# Task objective
Reproduce the section of the listing that begins at the line containing "飞利浦呼吸机的召回,中国市场" and finishes at the line containing "Sequential Full LED". Include both end lines and nothing beyond them.

# Records shown
⁂

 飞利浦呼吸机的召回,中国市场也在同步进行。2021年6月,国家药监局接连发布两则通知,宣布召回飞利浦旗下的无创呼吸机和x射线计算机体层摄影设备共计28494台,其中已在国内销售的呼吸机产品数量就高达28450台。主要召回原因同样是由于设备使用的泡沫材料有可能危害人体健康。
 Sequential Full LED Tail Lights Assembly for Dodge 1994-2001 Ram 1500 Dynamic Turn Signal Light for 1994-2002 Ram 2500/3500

⁂

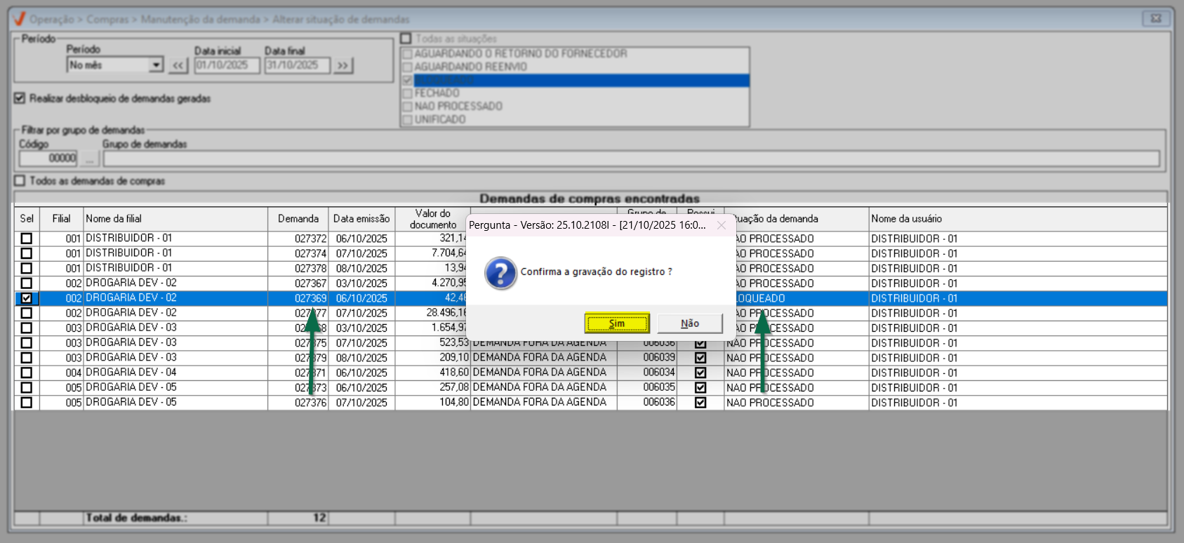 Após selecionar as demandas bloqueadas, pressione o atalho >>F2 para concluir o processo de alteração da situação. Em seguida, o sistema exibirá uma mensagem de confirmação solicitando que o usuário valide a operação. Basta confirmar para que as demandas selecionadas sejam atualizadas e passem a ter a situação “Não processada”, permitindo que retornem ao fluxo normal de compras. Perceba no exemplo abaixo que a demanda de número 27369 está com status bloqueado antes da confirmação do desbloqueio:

⁂

# Exercise answer
 飞利浦呼吸机的召回,中国市场也在同步进行。2021年6月,国家药监局接连发布两则通知,宣布召回飞利浦旗下的无创呼吸机和x射线计算机体层摄影设备共计28494台,其中已在国内销售的呼吸机产品数量就高达28450台。主要召回原因同样是由于设备使用的泡沫材料有可能危害人体健康。
 Sequential Full LED Tail Lights Assembly for Dodge 1994-2001 Ram 1500 Dynamic Turn Signal Light for 1994-2002 Ram 2500/3500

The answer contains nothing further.